Python dataclasses, a package full of surprises

python
dataclasses
When it comes to serialisation, premature optimisation is worth the effort. A cautionary tale of Python’s dataclass library.
Author

Lennard Berger

Published

May 14, 2023

Surprised cow, Guido Jansen

Premature optimisation is the root of all evil

Virtually every software engineering lecture nowadays contains this wisdom by Sir Tony Hoarse. If you ask me, this truth has been perpetuated for good reason. With modern computing power, there are few motivations to worry about low-level code optimisation. Certainly, as it comes towards the triangle of software development, resources are inexpensive compared to engineering time, and more simple and maintainable software design is preferable over performance. But to every rule, there are exceptions. Today we will discuss one of the stumbling blocks in our software landscape: serialisation.

Nearly any software must deal with this seemingly simplistic problem. Your program defines an input and an output, and you would like to be able to make deterministic assessments on the program’s behaviour based on this. Preferably before runtime (think of tests). Depending on your programming paradigm, this may not be easy, or even achievable.

Programming paradigms

At YUKKA Lab we work with high iteration speed (we typically ship a new release for testing at least once a week) across teams. This is why we love Python. A researcher can create an analysis or improve our existing pipelines. As we make progress across teams, we want to start shipping features for our customers.

With Python, this is as easy as loading a JSON document with the built-in JSON module and serving it via an API endpoint. For some products we rely on dynamic data stores (NoSQL) which allows us to adjust schema on-the-fly, thus significantly accelerating iteration speed from the lab to customers.

This, however, comes at a price. Ensuring stability and backwards-compatibility is more time-consuming. (Software) contracts need to be written between individual components to ensure the lights keep on.

Enter dataclasses

Originally introduced in Python 3.7 they bring a simple, yet missing feature to Python. Conceptually, dataclasses are the equivalent of C structs or data containers in other languages. Dataclasses are convenient, as they:

  • Offer type hints and bundle state.
  • Can be extended via properties to be hashable, immutable etc. (this is difficult to achieve with dictionaries)
  • Offer advanced features such as default initialisers and (de)serialisation.

That’s great, thanks Python 3.7, we’ll use that! With the advent of static type checkers in Python 3.5 this helps to greatly cut down the number of errors relating to IO tasks before runtime.

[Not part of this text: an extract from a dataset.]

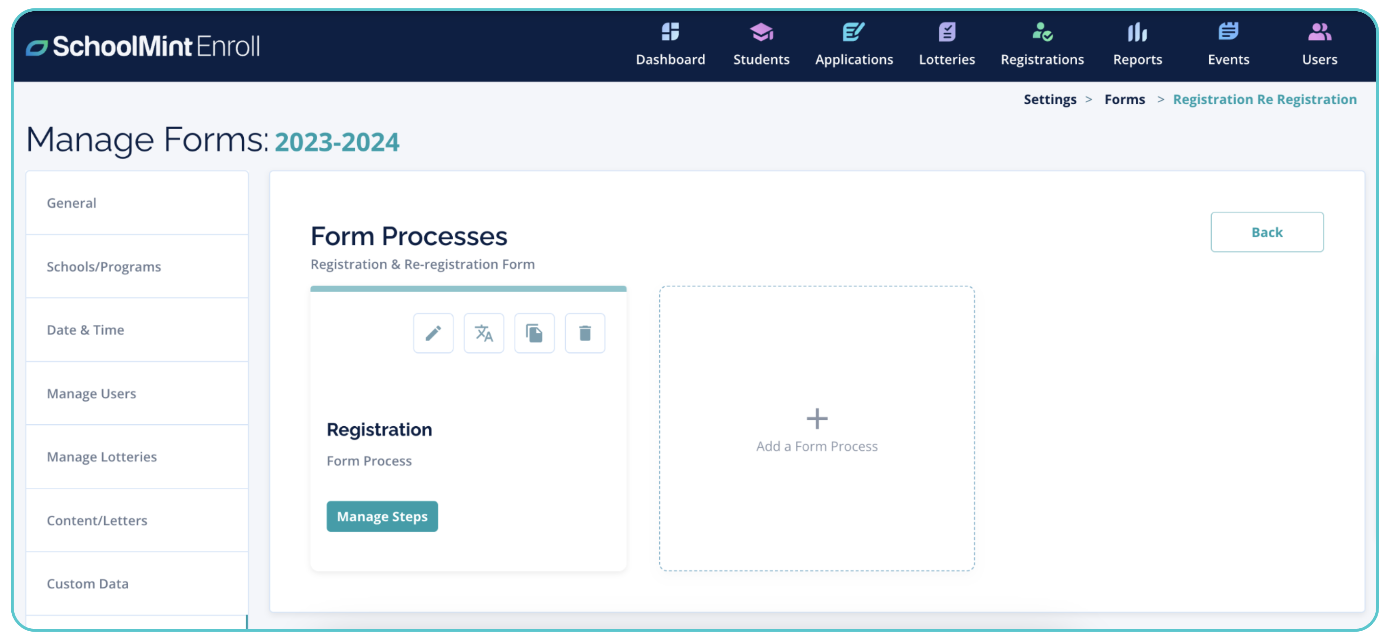 It is important to review the registration settings tied to your schools to ensure grades, form processes, and more are correctly assigned to schools so that students are able to register for the appropriate grades using the appropriate forms!

Now that we have defined our data structure(s), it’s time to serialise and deserialise some data. We can do that using:

  • ?
  • asdict from the dataclasses library, which exports a dictionary

Huh. This is interesting, we can serialise data, but we cannot reverse this operation with the standard library. After a quick Googling, we find ourselves using parse_obj_as from the pydantic library. Done for the day, or are we?

Dataclasses are slow

Remember that dataclasses are conceptually like structs, but not really. If you follow this recipe, you may be headed for a few really bad surprises:

  • Your constructor takes 5x longer than you are used to. (see Arne 2019)
  • Accessing your data classes takes 20% longer than you are used to (see Arne 2019)
  • asdict is incredibly slow, in fact for large objects it may be unsuitable (see ostrokach 2018)
  • Unsurprisingly, parse_obj_as is also really slow.

Huh? You suddenly introduced a huge bottleneck into your software that may make it un-runnable? Let’s dive into these issues one at a time.

Dataclasses are classes, not dictionaries

Dataclasses are classes, not dictionaries. They do not use hash tables for member access. Surprisingly, the runtime implication for accessing attributes is not O(1), it is 20% slower than using dictionaries (see Arne 2019). This time can quickly add up.

Another interesting fact is that class instantiation is significantly slower than dictionary creation (see Dalke 2006). This can be helped by using slots (as per the documentation).

However, to the best of our own estimation, even with slots=True, class instantiation is approximately 3x slower than creating dictionaries.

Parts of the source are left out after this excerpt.